Begin by preparing a definition file. It looks something like this.

datasource-plugin-excel/plugin_def.toml

[general]
title = "Microsoft Excel 2003+ data source connector plugin"
version = "1.0.0"
plugin_type = "datasource"
scheme = "excel"

[plugin]
file = "plugin_main.py"
entry = "main"

And the implementation of the Data Source Connector Plugin goes like this.

plugin_main.py

""" datafusion-server data source connector plugin - excel
"""

import os
import logging
import pyarrow as pa
import pandas as pd


def main(response_format: str, authority: str, path: str, schema: pa.Schema, **kwargs):
    """Plugin main function
    :param response_format: request format (arrow)
    :param authority: file path and name
    :param path: sheet name
    :param schema: schema definitions or None
    :param kwargs: option parameters
    :return: results to datafusion-server encoded by Arrow record batch
    """
    init_logging(kwargs.get("system_config"))

    logging.info("Starting: datasource-plugin-excel")
    logging.debug(
        "response_format = %s, authority = %s, path = %s, kwargs = %s",
        response_format,
        authority,
        path,
        kwargs,
    )

    if response_format != "arrow":
        raise ValueError("Unsupported format: " + response_format)

    file = os.path.join(kwargs.get("system_config")["data_dir"], authority)
    sheet = path.lstrip("/")
    skip_rows = valid_int(kwargs.get("skipRows"))
    num_rows = valid_int(kwargs.get("nRows"))
    header_row = valid_int(kwargs.get("headerRow")) if kwargs.get("headerRow") else 0
    has_header = True if kwargs.get("hasHeader") is None else kwargs.get("hasHeader")
    header_row = header_row if has_header else None

    df = pd.read_excel(
        file, sheet, skiprows=skip_rows, nrows=num_rows, header=header_row, dtype_backend="pyarrow"
    )

    logging.debug("Parsed dataframe >>\n%s", df)
    logging.info("Successfully completed: datasource-plugin-excel")

    return pa.RecordBatch.from_pandas(df)


def init_logging(system_config):
    logging.basicConfig(
        format="%(asctime)s.%(msecs)03d %(levelname)-8s %(message)s",
        datefmt="%Y-%m-%d %H:%M:%S",
        level=(
            logging.DEBUG
            if system_config["log_level"] == "trace"
            or system_config["log_level"] == "debug"
            else logging.INFO
        ),
    )


def valid_int(value: any) -> int | None:
    return int(value) if value is not None else None

This implementation does not support formats other than Arrow. Communications between the Plugin and Rust are most efficient when using Arrow (Record Batch), as it prevents issues with missing values and data type impedance mismatches. Therefore, it is recommended to use Arrow format for exchanges whenever possible.

The code is straightforward, but let’s explain it step by step.

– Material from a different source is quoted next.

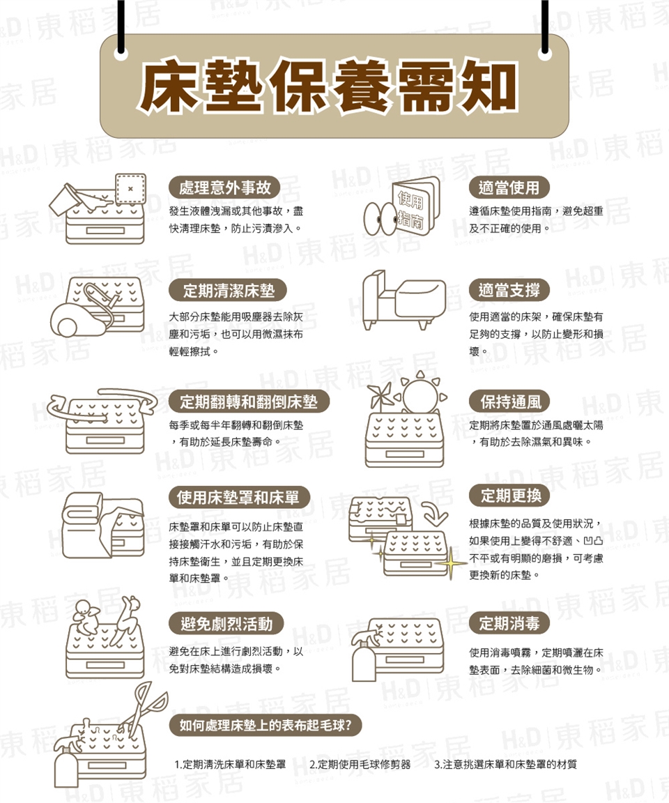 平時應套上床包或是保潔墊,避免髒汙滲透於床墊內。

Initialize the Python logging system based on the log level set in kwargs["system_config"].
If any value other than arrow is specified for the first argument response_format, throw an exception and terminate.
Retrieve the file path, file name, sheet name, presence of headers, and number of rows from the parameters passed in kwargs.
Pass parameters to the pandas read_excel() function to load and parse the Excel format file. The result will be a pandas DataFrame. From pandas v2.0.0 onward, Arrow can be used as the backend for DataFrames. This can be specified with dtype_backend="pyarrow".
Convert the pandas DataFrame to an Arrow Record Batch using the PyArrow RecordBatch.from_pandas() function and return it to Rust. If using pandas v2.0.0 or later with dtype_backend="pyarrow" specified, the conversion is near the zero-cost.

The data source definition for using this data source connector plugin is as follows.

{
  "dataSources": [
    {
      "format": "arrow",
      "name": "table1",
      "location": "excel://example-workbook.xlsx/Sheet1",
      "pluginOptions": {
        "skipRows": 2
      }
    }
  ]
}

All files, including information on the necessary Python libraries, are located in the bin/plugins/datasource-plugin-excel directory, and you are encouraged to refer to them.